Uber Exec on Trump: “I Do Not Accept Him as My Leader”
January 26, 2017
We appear to have suffered a coup engineered to the advantage of Oil Giants and a hostile foreign Petro State. (hate it when that happens)
Can the power of the Oil Industry be countered? Author Mike Roddy speculates.
Shortly after Donald Trump won the 2016 presidential election, the Chief Technology Officer of Uber rattled off an explosive email meant for a small group of employees that quickly spread like wildfire within the company, Business Insider has learned.
In the message, CTO Thuan Pham blasted then President-elect Donald Trump as a “deplorable person,” and called his election a huge step backward — even comparing it to the rise of ruthless dictators such as Mao Tse-dong in China and the Khmer Rouge in Cambodia after the Vietnam War.
The email was being circulated internally amongst employees again in the past week, as Uber has come under fire for its link to the Trump administration. Uber CEO Travis Kalanick was recently named as one of 19 executives who will advise President Trump on economic issues, joining Tesla CEO Elon Musk and Disney CEO Bob Iger.

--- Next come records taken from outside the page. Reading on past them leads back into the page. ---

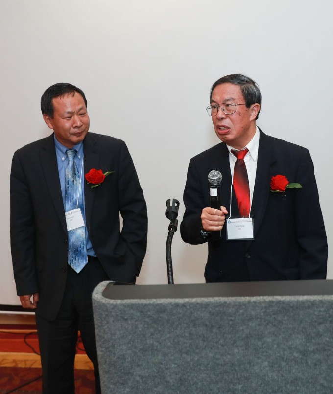 芝加哥地区华侨华人联合会理事长、科工专前会长栾文琦先生与科工专创始人之一和首届会长熊天渝博士在科工专成立25周年之际也向协会致辞祝贺,寄语科工专未来要凝聚二十五年积累的丰富社会和人才资源,团结,奋斗,和创新,继续谱写科工专“合作、发展、贡献”的新篇章。
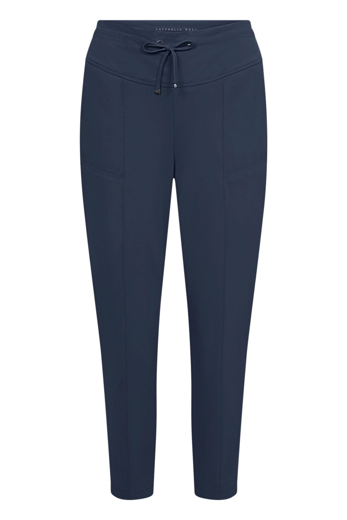 Pantalon habillé Azra, extensible, taille haute, poches pratiques, coupe ajustée, couleur bleu marine.
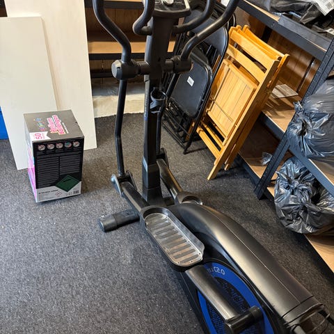Peak Fitness crosstrainer med indbygget træningscomputer. Maskinen har display, der viser blandt andet tid, distance og hastighed samt forskellige forudindstillede træningsprogrammer. Modellen har håndtag med pulssensorer og justerbar modstand, så belastningen kan tilpasses. Egnet til konditions- og helkropstræning i hjemmet.

The visceral outburst by a top executive at one of the world’s most valuable private companies reflects Silicon Valley’s ongoing struggle to come to terms with a president who is deeply unpopular within the industry. Even Uber, whose outspoken CEO and aggressive business tactics have long courted controversy, appears to be divided by a crisis of conscience within the ranks as some employees weigh the costs of being perceived as a pro-Trump shop.
Uber’s ties to the Trump administration made headlines on Friday after protesters barricaded the doors of its San Francisco headquarters to denounce Uber’s “collaboration” with Trump.

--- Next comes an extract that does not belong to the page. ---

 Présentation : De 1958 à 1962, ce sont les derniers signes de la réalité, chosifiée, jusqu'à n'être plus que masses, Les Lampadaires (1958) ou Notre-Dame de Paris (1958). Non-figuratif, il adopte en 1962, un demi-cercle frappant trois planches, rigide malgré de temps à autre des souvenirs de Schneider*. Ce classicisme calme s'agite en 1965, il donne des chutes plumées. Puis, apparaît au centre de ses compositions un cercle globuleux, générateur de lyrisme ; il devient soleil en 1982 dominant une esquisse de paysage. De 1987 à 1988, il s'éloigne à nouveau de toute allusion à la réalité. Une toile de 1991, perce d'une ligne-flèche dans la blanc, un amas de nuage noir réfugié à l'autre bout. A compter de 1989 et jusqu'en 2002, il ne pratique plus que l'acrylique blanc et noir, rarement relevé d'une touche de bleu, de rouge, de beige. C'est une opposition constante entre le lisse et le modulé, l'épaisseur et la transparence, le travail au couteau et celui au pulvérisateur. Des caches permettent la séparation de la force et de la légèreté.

At the weekly Uber all-hands meeting on Tuesday, Kalanick addressed the Trump issue and the blowback it’s created for the company. Kalanick pushed back against the criticisms, explaining that he was joining many other business leaders on Trump’s council looking to create job opportunities and to improve urban mobility:
“The CEO of Disney, the CEO of IBM, the CEO of GM, the CEO of Uber, the CEO of Tesla and maybe 15 other companies you’ve heard of… We have a party — our political party is called the Urban Mobility Party. The shorthand is UMP. We’re a coalition party; we’ll partner with anyone in the world as long they’re about making transportation in cities better, creating job opportunities, making it easier to get around, getting pollution out of the air and traffic off the streets. And so that’s what this is about. It’s about the leaders we have to work with around the world, not just here in the United States but everywhere. And being optimistic — asking can we make urban mobility better? But does it [the board/protests] make great headlines? Of course.”
Still, employees are “pissed” that they are being connected to Trump, whose comments about immigrants and women have upset many people, said one insider at the company.

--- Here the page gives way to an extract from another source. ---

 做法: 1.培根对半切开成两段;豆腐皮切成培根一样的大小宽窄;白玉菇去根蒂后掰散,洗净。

On the surface, the two couldn’t be more different. Musk made a name for himself by making bold bets on futuristic technology: digital payments, electric cars, solar panels and privatized space exploration. His businesses typically require years of upfront investment before showing a profit.
He’s cerebral but a little reckless, like a precociously smart teenager — he proudly told the story of how he crashed a $3.5 million McLaren sports car while driving too fast in a bid to impress Peter Thiel. And he didn’t think to buy insurance first.
Trump, on the other hand, built his fortune in a business firmly rooted in the here and now, real estate, and his temperament is more like the scolding school principal’s.
They’re also diametrically opposed when it comes to climate change. Musk’s business interests revolve around reducing dependence on fossil fuels, while Trump has pledged to cut through regulations meant to fight climate change, and once called it a hoax (although his pick for EPA administrator, Scott Pruitt, has admitted it’s real).
So what to make of the fact that Musk was at the White House on Monday, appearing alongside execs from Ford and other old-line companies like Lockheed Martin and Johnson & Johnson? In addition, Musk was part of the December meeting between tech leaders and Trump, even though his companies have a much smaller market value than most of the others represented around the table, and he was reportedly invited to stay for a second smaller meeting alongside Apple CEO Tim Cook.
Private sector competition. SpaceX is a perfect example of a private company taking on a huge task — space travel and exploration — that used to fall exclusively to a federal government agency. This is exactly the kind of private sector invention that libertarian-minded conservatives, like Thiel, encourage.
If it continues, this unlikely alliance could have benefits for both sides. Musk gets an ear to the president who’s promised to shake up the current order and make it easier for American companies to do business. Trump gets the support of a visionary technologist who could help repair his image among the Silicon Valley tech community, which was vocally opposed to Trump during his candidacy.
While this may seem surprising to a lot people, it’s not totally surprising to investors. Tesla is up about 31 percent since the election, while the Dow Jones industrial average is up roughly 9 percent since the election.